Global R&D investment for high-value manufacturing will grow 15%.

Continuing uncertainty will drive major economies to prioritize supply chain sovereignty, particularly for high-value technologies such as semiconductors, advanced energy, pharmaceuticals, and biotechnology. The US has introduced the Endless Frontier Act, hoping to invest hundreds of billions of dollars. The European Union has identified industries of strategic interest, now aiming to become the second-largest source of Li-ion battery cells by 2024, despite having a market share of just 3% in 2018.

China is proposing significant tax deductions on the R&D expense of its manufacturing firms. Each country or region is keen to secure its position, and incentives are available to attract or retain the right companies. Manufacturers will re-evaluate their geographic footprints to maximize opportunities, and re-examine their supply chains to optimize operations, and reform their product development with fundamental innovations.

Ten large global manufacturers will reduce spend on carbon offsets and emit less.

Asset-intensive industries like manufacturing are big contributors to global emissions: The steel industry alone is responsible for 7% to 9% of global CO2 emissions. In 2022, we expect the balance to finally shift from buying carbon offsets (compensating for damage already done) to the far harder task of minimizing that damage in the first place. Volvo took its first delivery of “green steel” (produced without coal) in August, and beginning in 2022, Mercedes-Benz will use the same supplier, targeting a carbon-neutral vehicle line-up by 2039.

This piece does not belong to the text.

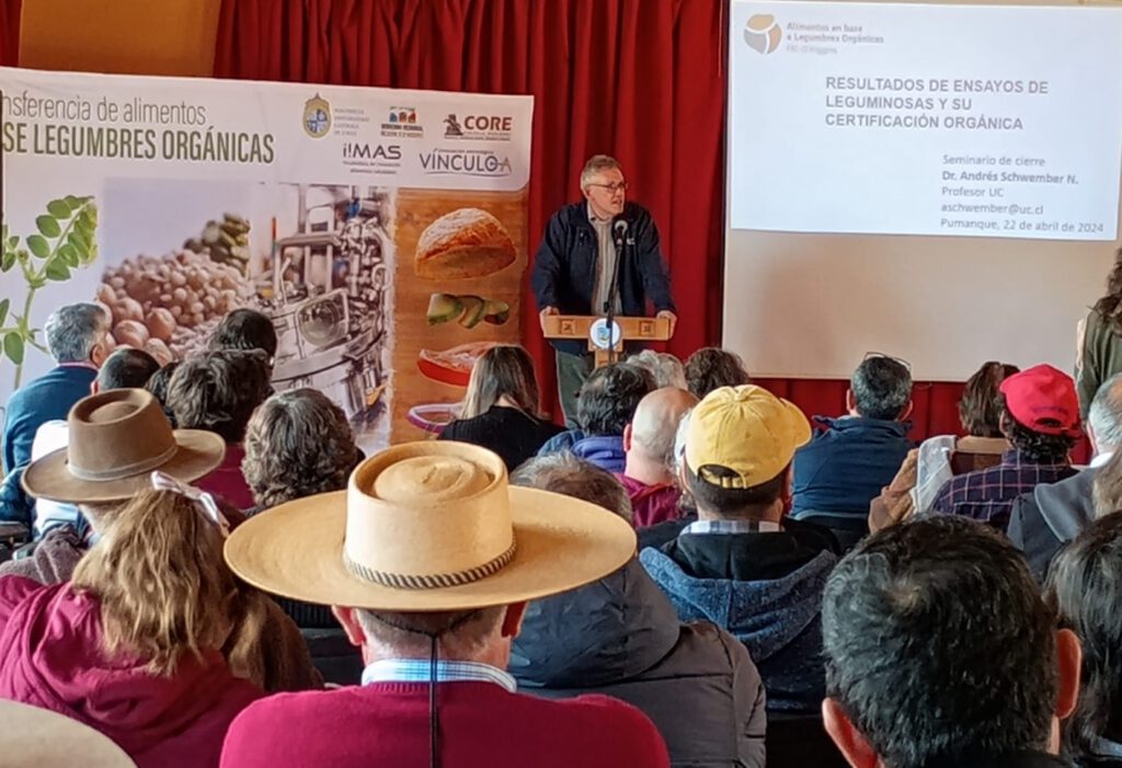 El profesor de la Facultad de Agronomía y Sistemas Naturales UC, Andrés Schwember, presentó los resultados de su investigación titulada “Transferencia alimentos orgánicos base legumbres”, la cual -por primera vez en Chile- entregará certificación orgánica en legumbres e incorporará tecnologías innovadoras para la producción de legumbres producidas por pequeños productores, mediante manejos de producción para el cultivo de lentejas y garbanzos.

China will no longer invest in coal-powered plants overseas. Projects like Gigastack, Hybrit, and Oyster show how energy-intensive industrial processes can be powered by hydrogen produced with renewable energy, and several of these should reach production scale during 2022. None of this will be easy, quick, or cheap (ArcelorMittal’s CEO suggests that green steel could be 60% more expensive), but industry is finally beginning to absorb the pain of moving in the right direction.

Activist investors will challenge a global manufacturer’s custom product inefficiency.

As governments and multinationals line up to make bold climate pledges at the 2021 United Nations Climate Change Conference (COP26), activist investors (or customers) will spot a discrepancy they can no longer let lie. On the one hand, manufacturers are pushing to reduce waste and emissions throughout their supply chains, and on the other, the industry’s enthusiasm for ever-more-customized products and the aspirational “lot size of one” continues to grow. But, optimized processes, operating at scale, are invariably more efficient (and greener), than repeatedly making the same product in smaller batches.

Shifting from build-to-order to configure-to-order, or judicious use of 3D printing in key places, will help. But fundamentally, it may not be possible for the marketing messages that trumpet green credentials and those that offer customization to address a buyer’s every whim to both be true: Manufacturers must decide which they — and their customers — care about most.

Manufacturers will push back on their suppliers’ enthusiasm for “servitizing” everything.

Both buyer and seller benefit from as-a-service models where they pay (or charge) for outcomes rather than products — when those models are done right. But, despite the plethora of everything-as-a-service offerings flooding the market, buyers recognize that not every supplier relationship really needs to be a service sold on subscription: Sometimes, just buying a ton of widgets is the right approach. The fight-back has begun as buyers gain the confidence to decline the most outlandish subscription offers.

As we enter 2022, there must be a much clearer shared understanding of the purpose and value of the relationship between B2B buyers and sellers. If sellers continue down the path of trying to servitize everything, there’s a very real risk that their prospective buyers will dismiss the whole idea, missing the nuggets of real opportunity in the flood of non-differentiating attempts to lock buyers into perpetual subscriptions for products they could — and should — have just bought outright.